Majority of the columns with null values are the same as those in the train dataset. There is also the presence of a null value in `Electrical`, which the train dataset did not have.

# Data Cleaning

## Null Value Imputation

In [145]:
def fill_na(dataset, list_of_cols, value):
    """
    Fills up null values in columns passed as a list with the specified value.
    """
    for col_name in list_of_cols:
        dataset[col_name].fillna(value, inplace=True)

In [146]:
# fill categorical columns with 'None'

fill_na(ames_kaggle, ['PoolQC', 'MiscFeature', 'Alley', 'Fence', 'FireplaceQu', 
                      'GarageFinish', 'GarageCond', 'GarageQual', 'GarageType', 'BsmtFinType1', 
                      'BsmtFinType2', 'BsmtCond', 'BsmtQual', 'MasVnrType'],
                      'None')

In [147]:
# fill BsmtExposure with 'No'

fill_na(ames_kaggle, ['BsmtExposure'], 'No')

In [148]:
# fill LotFrontage based on the median value for the neighborhood that the house is in

ames_kaggle['LotFrontage'] = ames_kaggle['LotFrontage'].fillna(ames_kaggle.groupby('Neighborhood')['LotFrontage'].transform('median'))

In [149]:
# we will impute the remainder with the overall mean value

fill_na(ames_kaggle, ['LotFrontage'], ames_kaggle['LotFrontage'].mean())

In [150]:
# fill GarageYrBlt with the same value from the YearBlt column. while the lack of GarageYrBlt indicates that there is
# in fact no garage, we can reasonably impute with the YearBlt and assume that the two are correlated

ames_kaggle['GarageYrBlt'] = ames_kaggle['GarageYrBlt'].fillna(ames_kaggle['YearBuilt'])

In [151]:
# fill remaining numerical values with 0

fill_na(ames_kaggle, ['MasVnrArea'], 0)

In [152]:
# fill in final Electrical column with the mode

fill_na(ames_kaggle, ['Electrical'], 'SBrkr')

In [153]:
# check that there are no more null values remaining in the dataset

ames_kaggle.isnull().sum().sum()

0

## Feature Engineering

In [154]:
# combine YrSold and YearBuilt to get HouseAge

ames_kaggle['HouseAge'] = ames_kaggle['YrSold'] - ames_kaggle['YearBuilt']

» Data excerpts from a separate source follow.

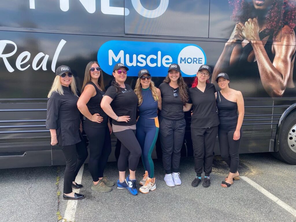 We’re getting the party started over here! Come join us on the EMSCULPT NEO bus here until 2 pm. Come out and get a free demo and take home some swag! #emsculptneo #emsculptbustour2022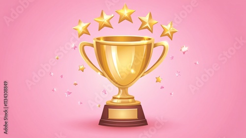 A golden trophy with five shining stars against a pink background, symbolizing achievement and success.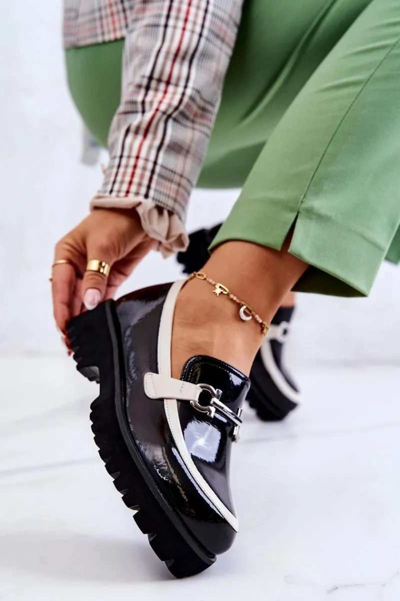 Marzysz o nowych półbutach? Ten model jest stworzony z myślą o nadchodzących modowych trendach! Wykonane z lakierowanej eko skóry półbuty w stylu loaferów. Posiadają zaokrąglony nosek oraz metalową ozdobę. Wkładka wykonana z naturalnej skóry jest bardzo wygodna w użytkowaniu. Masywna podeszwa wraz z płaskim obcasem jest wykonana z tworzywa sztucznego. Ten wspaniały model czeka właśnie na Ciebie! Przy wyborze rozmiaru prosimy sugerować się tabelą rozmiarów.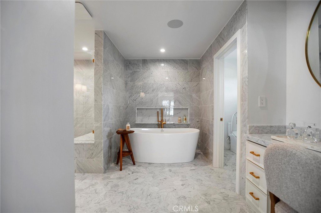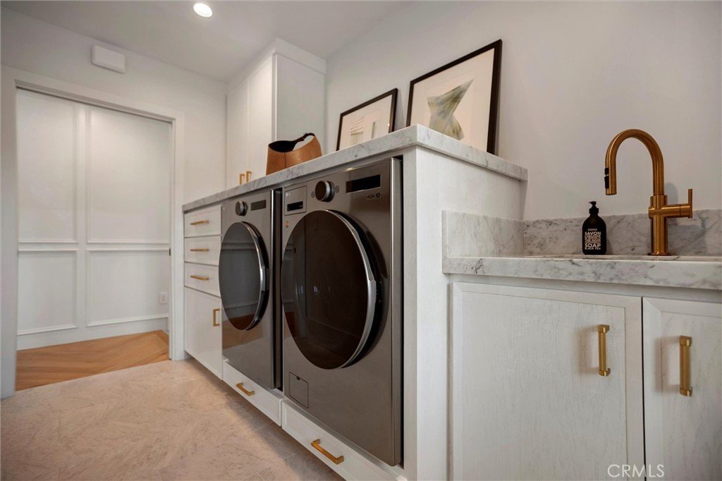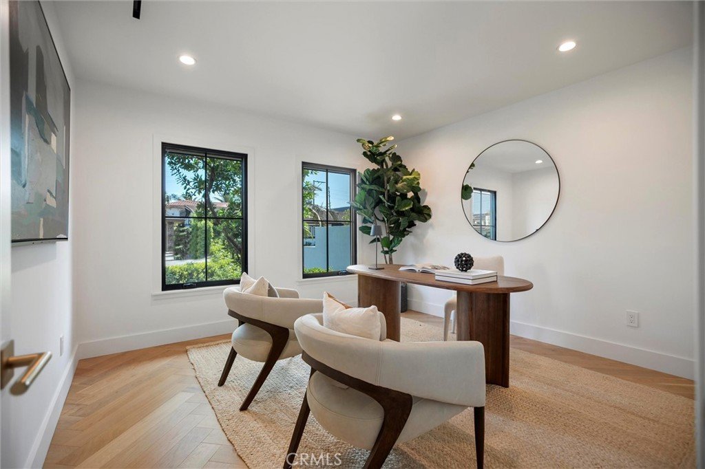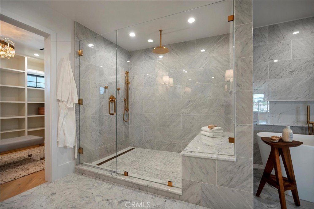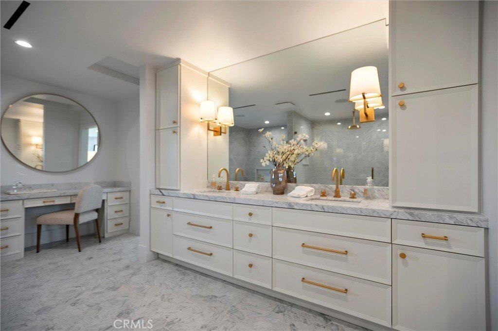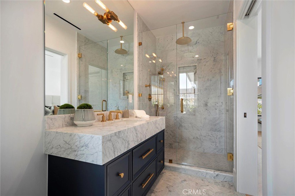 Experience the pinnacle of modern design, beauty, and functionality in this completely rebuilt, luxury residence nestled in the coveted North Downey neighborhood. This four-bedroom, four-bath (one full, three three-quarter) home exemplifies the latest in custom homebuilding, with high-end finishes and thoughtful details at every turn. As you step through the grand foyer, sunlight pours through Windsor metal-framed windows, illuminating custom millwork and herringbone wood flooring that set the stage for refined living. Formal living and dining rooms provide an elegant backdrop for entertaining and just beyond, the kitchen anchors the center of the home with striking architectural presence—designed for both performance and style. It features a dramatic marble waterfall island, premium, built-in Wolf and Sub-Zero appliances, a spacious walk-in pantry, and a bright breakfast nook overlooking the backyard oasis. An adjacent wet bar stands ready for crafting cocktails, and a nearby main-level laundry room adds everyday ease. For ultimate comfort and privacy, the residence offers a rare dual-suite layout. Upstairs, the expansive primary suite is a private retreat unto itself—step out onto your balcony for morning coffee, unwind in the cozy sitting area, or indulge in the spa-inspired bath featuring Waterworks fixtures. A custom dream closet provides boutique-like organization. Downstairs, a second luxurious suite with its own bathroom and direct pool access is perfect for guests or multigenerational living, offering resort-style comfort on the main level. The west wing of the home features two spacious bedrooms that share a designer bathroom with dual sink vanity and stone finishes. Outside, the entertainer’s backyard beckons with a sparkling pool, relaxing spa, and a covered patio ideal for al fresco dining and lounging. An outdoor-access bath adds convenience. The front yard boasts mature landscaping and a circular hand paved driveway that enhances the home’s commanding curb appeal. Every inch of this home reflects uncompromising quality—from Restoration Hardware lighting & hardware to the Presidential Shake roof. A 3-zone, HVAC system, new Control4 Automation system and a tankless water heater ensure year-round comfort and efficiency. This residence invites you to live an elevated lifestyle, where everyday moments are as luxurious as they are effortless.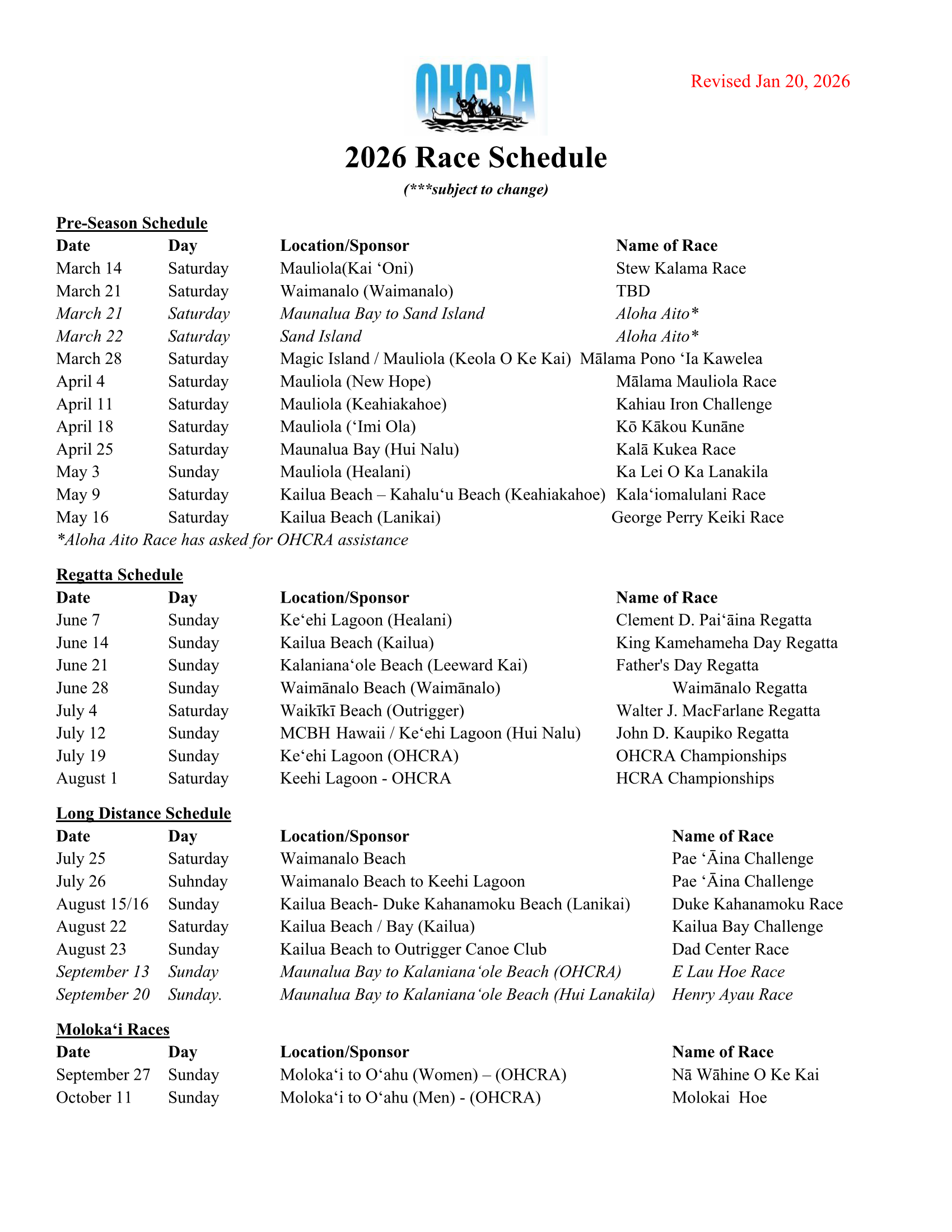 Sunday, June 14 Kailua Canoe Club King Kamehameha Regatta

# it is likely that the price of the house sold is related to the age of the house itself

In [155]:
# combine YrSold and YearRemod/Add to get RemodYears

ames_kaggle['RemodYears'] = ames_kaggle['YrSold'] - ames_kaggle['YearRemod/Add']

# the time since the last remodelling date may have an impact on the overall feel/look of the house

In [156]:
# combine TotalBsmtSF and GrLivArea to get TotalLivArea

ames_kaggle['TotalLivArea'] = ames_kaggle['TotalBsmtSF'] + ames_kaggle['GrLivArea']

# this is a measure of the total living area, above and under ground

In [157]:
# combine YrSold and GarageYrBlt to get GarageAge

ames_kaggle['GarageAge'] = ames_kaggle['YrSold'] - ames_kaggle['GarageYrBlt']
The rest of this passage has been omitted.